**Material provided:**

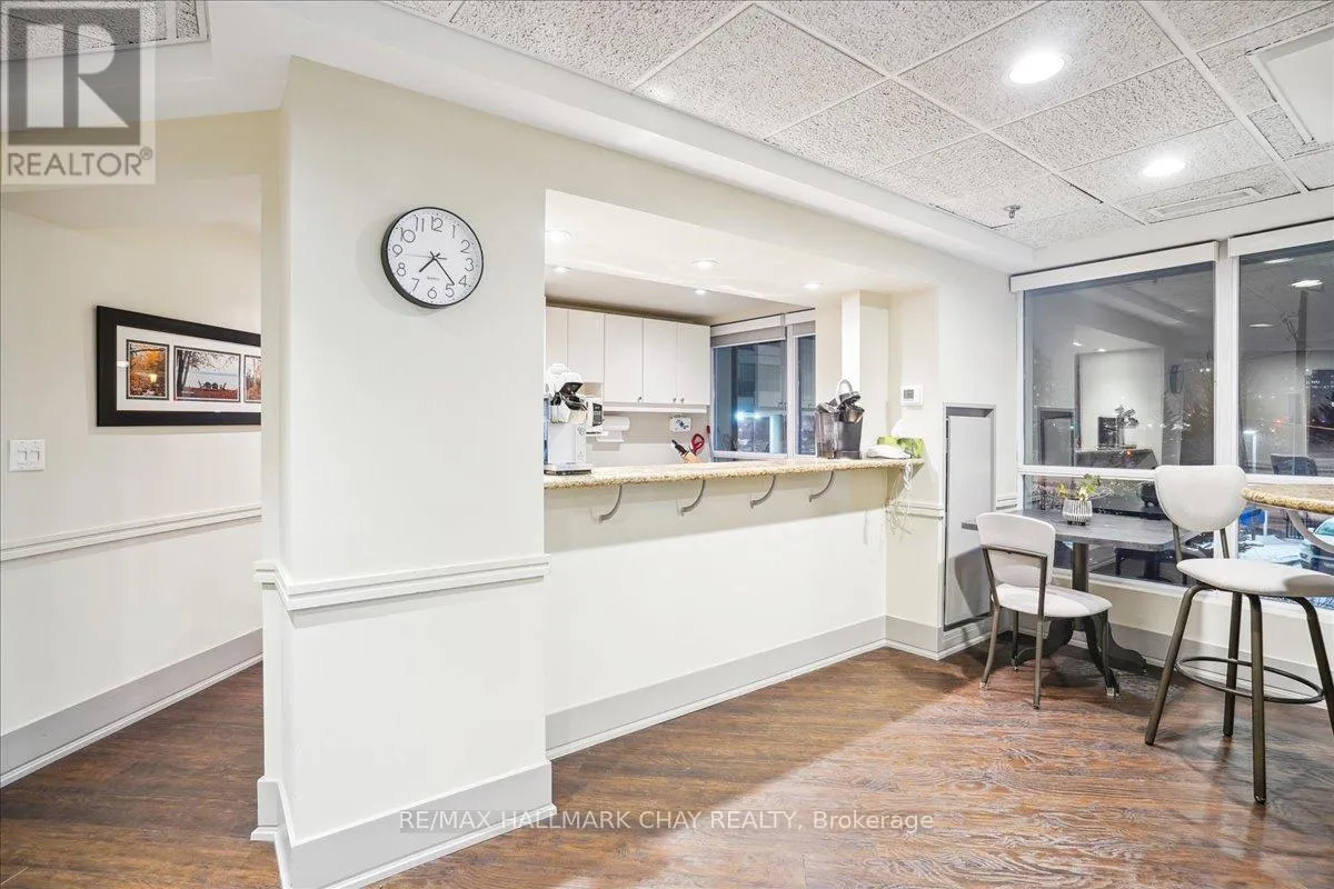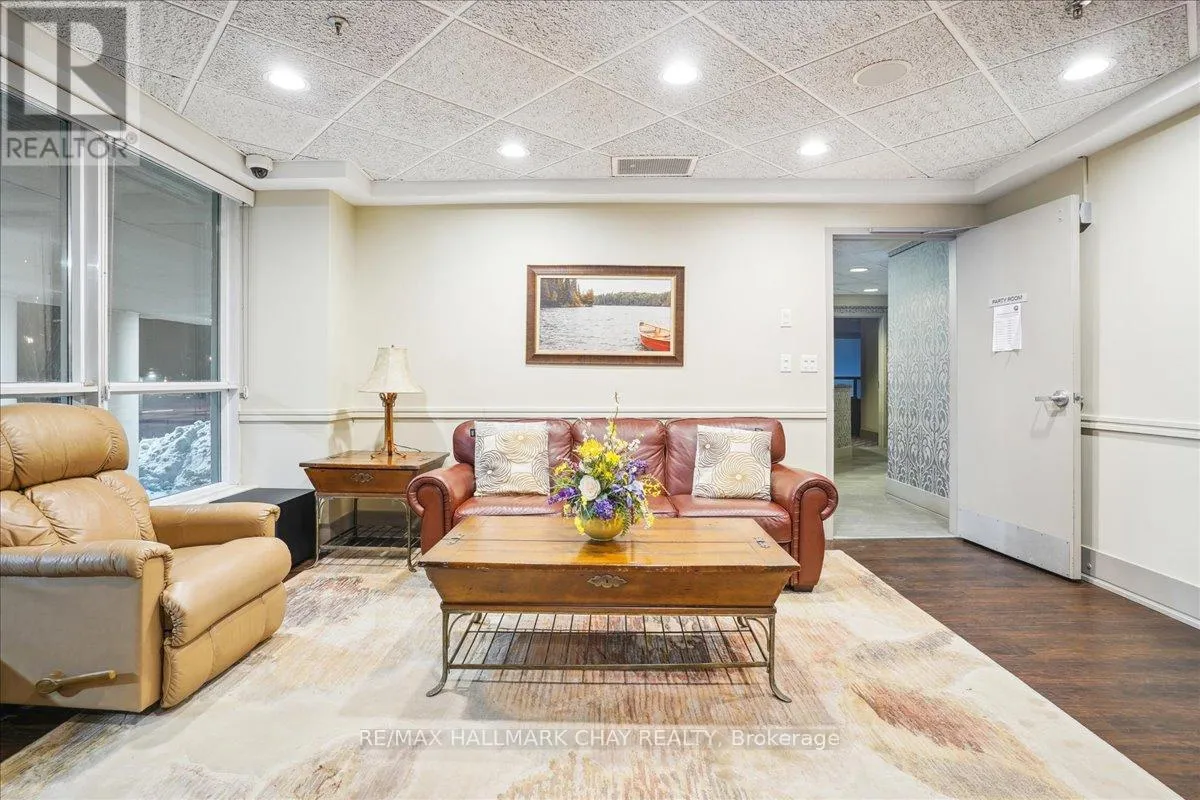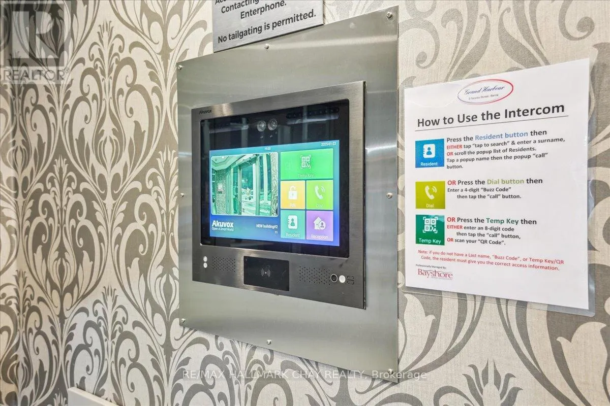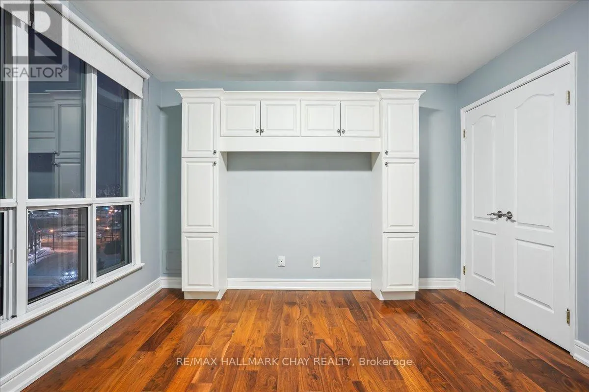 Cross Streets: Simcoe and Toronto. ** Directions: Simcoe St to Toronto St. Wake up every day to breathtaking views of Kempenfelt Bay in this beautifully bright and spacious 2-bedroom, 2-bath suite at the highly sought-after Grand Harbour. Offering approximately 1,340 sq ft of thoughtfully designed living space, this home delivers comfort, style, and an unbeatable waterfront setting.The expansive living room features a cozy gas fireplace, walls of windows, and a walk-out to a balcony where you can soak in panoramic views of the bay, and city skyline. A separate dining room makes entertaining effortless and flows seamlessly into the kitchen, complete with raised granite counters, full-height white cabinetry, stainless steel appliances, under-mount double sink, modern backsplash, pot lighting, and a breakfast bar overlooking the dining area.The primary bedroom is a true retreat with space for a king-size bed, large windows, a walk-in closet, and a private 4-piece ensuite with a separate glass shower. The second bedroom is ideal for guests, a home office, or den and is conveniently located across from the main 4-piece bath.Hardwood floors, tile in the kitchen and baths, crown molding, 9-foot ceilings, roller blinds, and a neutral colour palette add to the home's polished feel. In-suite laundry with stacked washer and dryer, recently updated toilets in both bathrooms, one indoor parking space, and a locker complete the package.Grand Harbour is a well-managed, amenity-rich building offering an indoor pool, gym, sauna, hot tub, party room, games room, guest suites, and an active social community. Walk to the GO Station, stroll to the beach, and enjoy waterfront living at its finest. Rare opportunity to become a part of such a wonderful building. (id:27476)
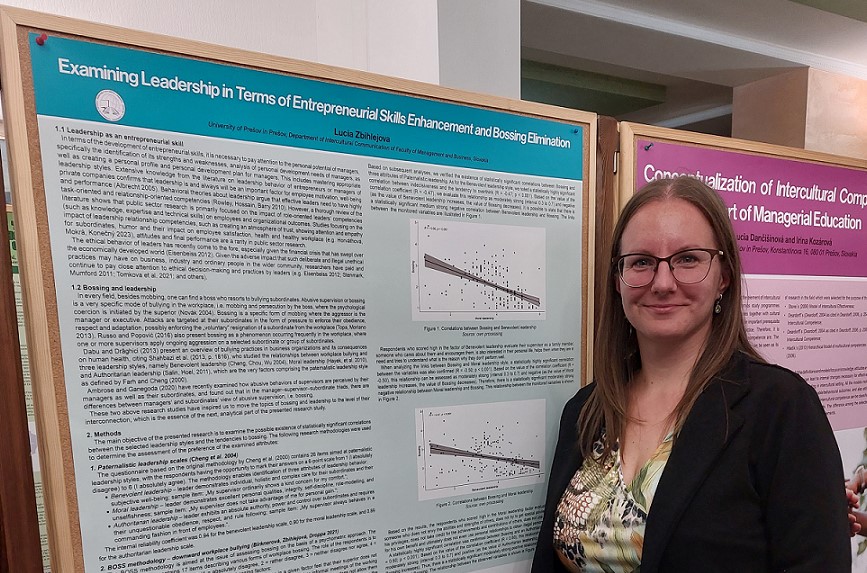 V posterovej sekcii odprezentovali výsledky svojho výskumu v rámci vedených grantov: doc. Mgr. Lucia Zbihlejová, PhD. (Príspevok: Examining Leadership in Terms of Entrepreneurial Skills Enhancement and Bossing Elimination/KEGA 018PU-4/2023 Tvorba tréningového programu rozvoja podnikateľských zručností a metakognitívnych schopností v kontexte eliminácie Dunning-Krugerovho efektu), Mgr. Eva Benková, PhD. (Príspevky v spoluautorstve: The Analysis of the Connections between Neuromarketing Attributes and Business BehaviourDeterminants/Benková, E. & Birknerová, Z./VEGA 1/0428/23 Výskum podvedomých reakcií zákazníkov s využitím eye-trackingu a ďalších nástrojov tvoriacich neuromarketingové inštrumentárium; b) Assessing the Attributes of Social and Emotional Managerial Competence in Terms of Gender and Age of Entrepreneurs/Benková, E. & Birknerová, Z./KEGA 018PU-4/2023 Tvorba tréningového programu rozvoja podnikateľských zručností a metakognitívnych schopností v kontexte eliminácie Dunnig-Krugerovho efektu), Mgr. Lucia Dančišinová, PhD. a PhDr. Irina Kozárová, PhD. (Spoločný príspevok: Conceptualization of Intercultural Competence as Part of Managerial Education/KEGA č. 004PU-4/2022 Integrácia špecifík interkultúrnej komunikácie do výučby odborného anglického jazyka) a PaedDr. Dagmara Ratnayake Kaščáková, PhD., MBA (Príspevok v spoluautorstve: Key Attributes Affecting the Value of European M&A Transactions/Gombár, M., et al.).
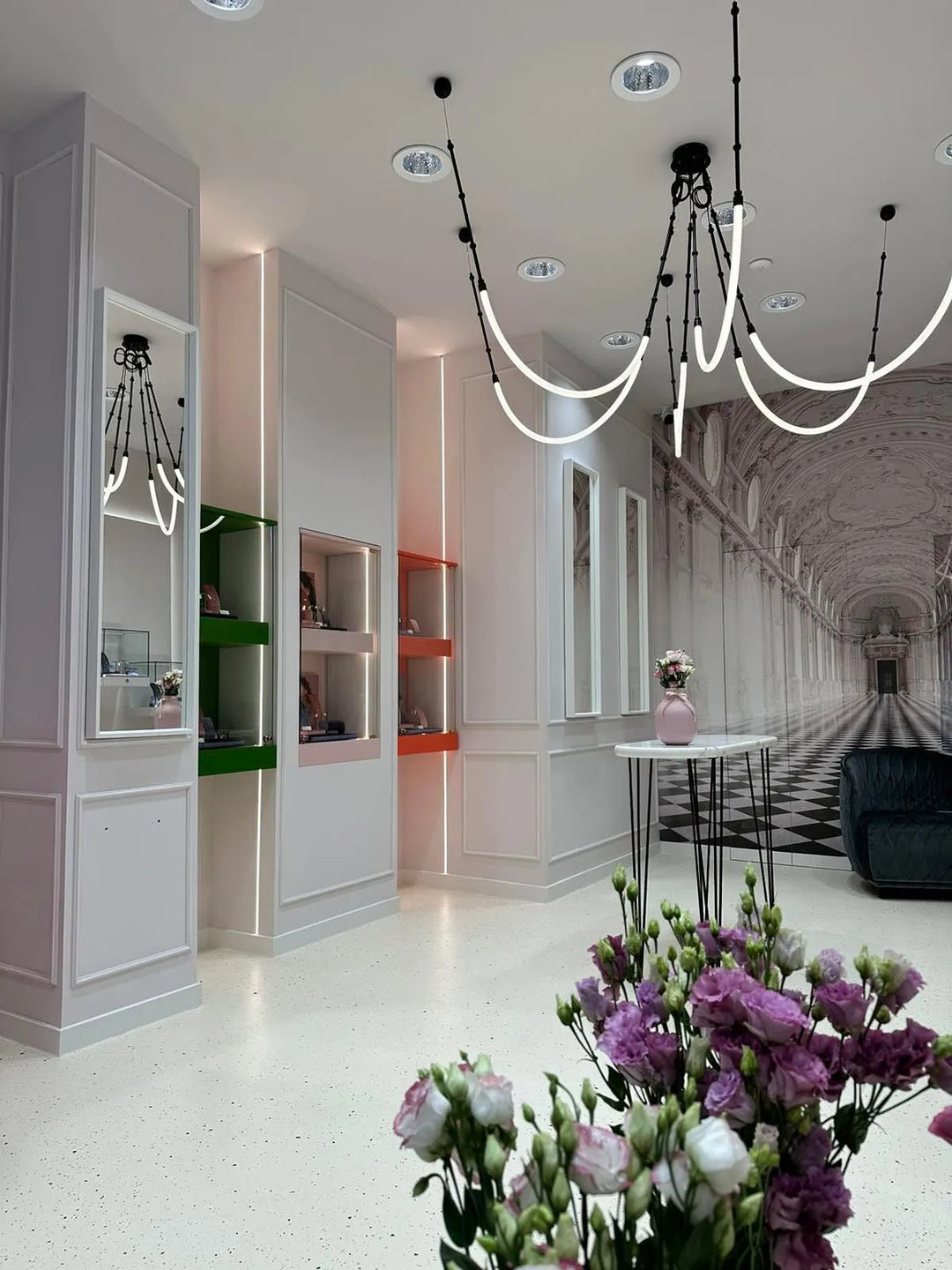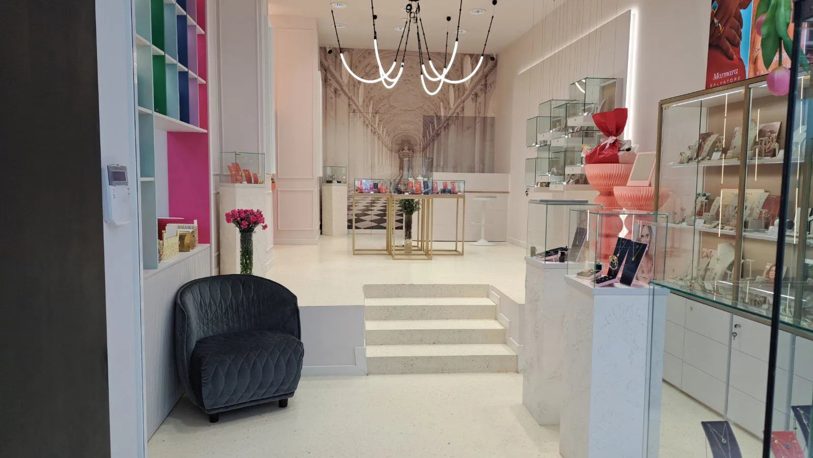 Интериорът комбинира модерна минималистична визия с фини детайли на лукс. В стъклени витрини са изложени изящни модели с диаманти, а специални дисплеи представят актуалните колекции от български и международни дизайнери. Опитните консултанти ще ви помогнат да изберете подходящо бижу, обяснявайки чистотата на металите и концепцията зад всяко изделие.
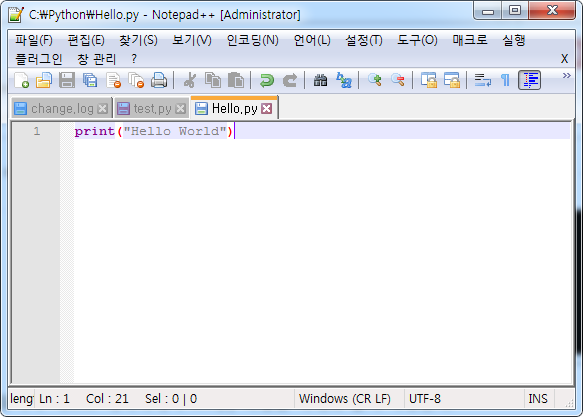 메모장이나 텍스트 에디터에서 test.py 파일을 아래와 같이 작성한다.
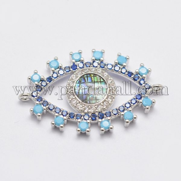 Environmental Brass Cubic Zirconia Links, with Natural Paua Shell, Lead Free & Nickel Free & Cadmium Free, Eye, LightSkyBlue, PlatinumSize: about 30mm wide, 19mm long, 3mm thick, hole: 1mm.
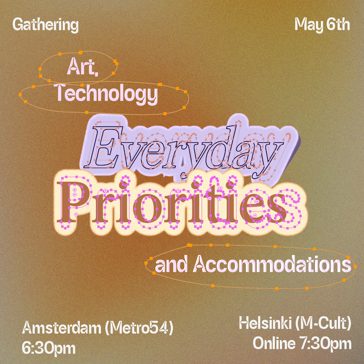 Everyday Priorities—Art, Technology and Accommodations is an invitation to collectively examine technologies that mirror racist, colonial, and ableist power structures and histories while also considering their potential to reshape conditions for everyday life. Programme is created and curated by Metro54 and M-Cult and is supported by the Finnish Cultural Institute for the Benelux.
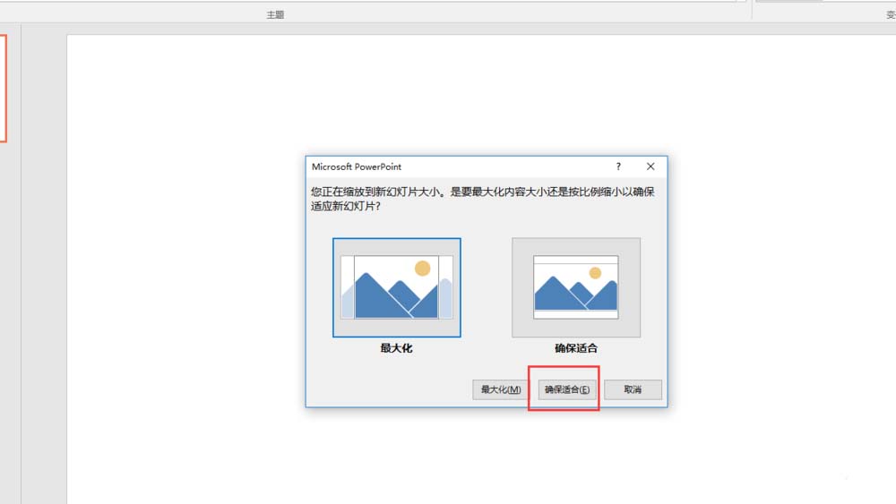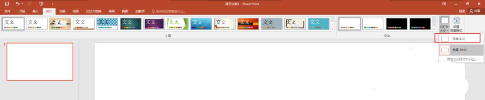 3、设置好演示文稿的板式之后,我们接下来要设置幻灯片页的大小,因为你不论在做什么海报之前,你肯定都需要先确定海报的大小,所以我们切换到“设计”菜单,找到幻灯片大小设置,选择标准4:3的大小设置,在弹出的窗口中选择确保合适。
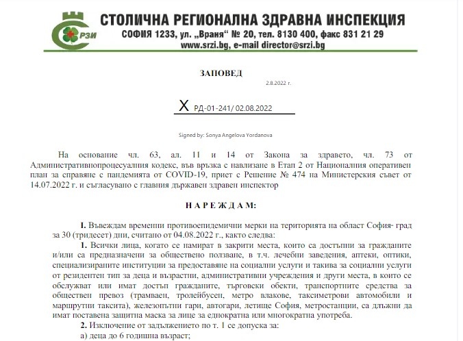 На територията на София се въвеждат нови мерки срещу разпространението на коронавируса. Заповедта на Столичната РЗИ влиза в сила от 4 август.
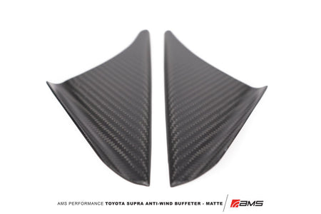 The AMS Toyota GR Supra Anti-Wind Buffeting Kit is engineered to eliminate the extreme wind buffeting condition that plagues every MKV Supra while traveling at speeds from 50-60 mph with the windows down. By installing this kit we were able to eliminate the problem by redirecting the airflow away from the cabin. There are no tools required and with the online installation instructions make this an easy and quick install. Offered in a matte or gloss carbon fiber finishes, these anti-buffeting deflectors look right at home on any build.
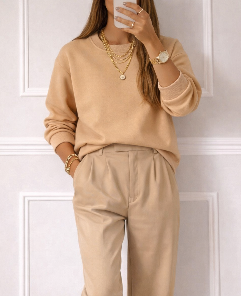 Beżowa bluza świetnie komponuje się z jasnymi spodniami, denimem oraz klasycznymi dodatkami, tworząc spójny i elegancki look na co dzień.
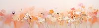 Impressionistische Bloemen | Bloemenzee - Dit brede canvas biedt een serene weergave van wilde bloemen in een impressionistische stijl, met een harmonieuze overgang van warme Peach Fuzz tinten naar zachte crèmes en wit. Het subtiele gebruik van textuur geeft het stuk een tastbare kwaliteit, terwijl de uitgestrekte horizontale compositie…
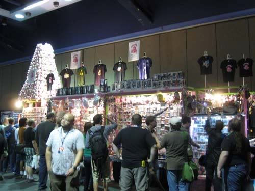We eventually entered the exhibitor hall. The outer area no longer hosted the Bring Your Own Computer section, and now contained vendors like Pink Gorilla and the anime store Sweet Kitty, along with booths for some of the more independent companies. Since I'd already charted my course during the wait, I jetted past all these exhibits for the time being.

**Task prompt:**
Retype, exactly and with no pictures, everything above from the line with "V posterovej sekcii" down to the line with "Интериорът комбинира модерна", both included.

**Solution to the exercise:**
 V posterovej sekcii odprezentovali výsledky svojho výskumu v rámci vedených grantov: doc. Mgr. Lucia Zbihlejová, PhD. (Príspevok: Examining Leadership in Terms of Entrepreneurial Skills Enhancement and Bossing Elimination/KEGA 018PU-4/2023 Tvorba tréningového programu rozvoja podnikateľských zručností a metakognitívnych schopností v kontexte eliminácie Dunning-Krugerovho efektu), Mgr. Eva Benková, PhD. (Príspevky v spoluautorstve: The Analysis of the Connections between Neuromarketing Attributes and Business BehaviourDeterminants/Benková, E. & Birknerová, Z./VEGA 1/0428/23 Výskum podvedomých reakcií zákazníkov s využitím eye-trackingu a ďalších nástrojov tvoriacich neuromarketingové inštrumentárium; b) Assessing the Attributes of Social and Emotional Managerial Competence in Terms of Gender and Age of Entrepreneurs/Benková, E. & Birknerová, Z./KEGA 018PU-4/2023 Tvorba tréningového programu rozvoja podnikateľských zručností a metakognitívnych schopností v kontexte eliminácie Dunnig-Krugerovho efektu), Mgr. Lucia Dančišinová, PhD. a PhDr. Irina Kozárová, PhD. (Spoločný príspevok: Conceptualization of Intercultural Competence as Part of Managerial Education/KEGA č. 004PU-4/2022 Integrácia špecifík interkultúrnej komunikácie do výučby odborného anglického jazyka) a PaedDr. Dagmara Ratnayake Kaščáková, PhD., MBA (Príspevok v spoluautorstve: Key Attributes Affecting the Value of European M&A Transactions/Gombár, M., et al.).
 Интериорът комбинира модерна минималистична визия с фини детайли на лукс. В стъклени витрини са изложени изящни модели с диаманти, а специални дисплеи представят актуалните колекции от български и международни дизайнери. Опитните консултанти ще ви помогнат да изберете подходящо бижу, обяснявайки чистотата на металите и концепцията зад всяко изделие.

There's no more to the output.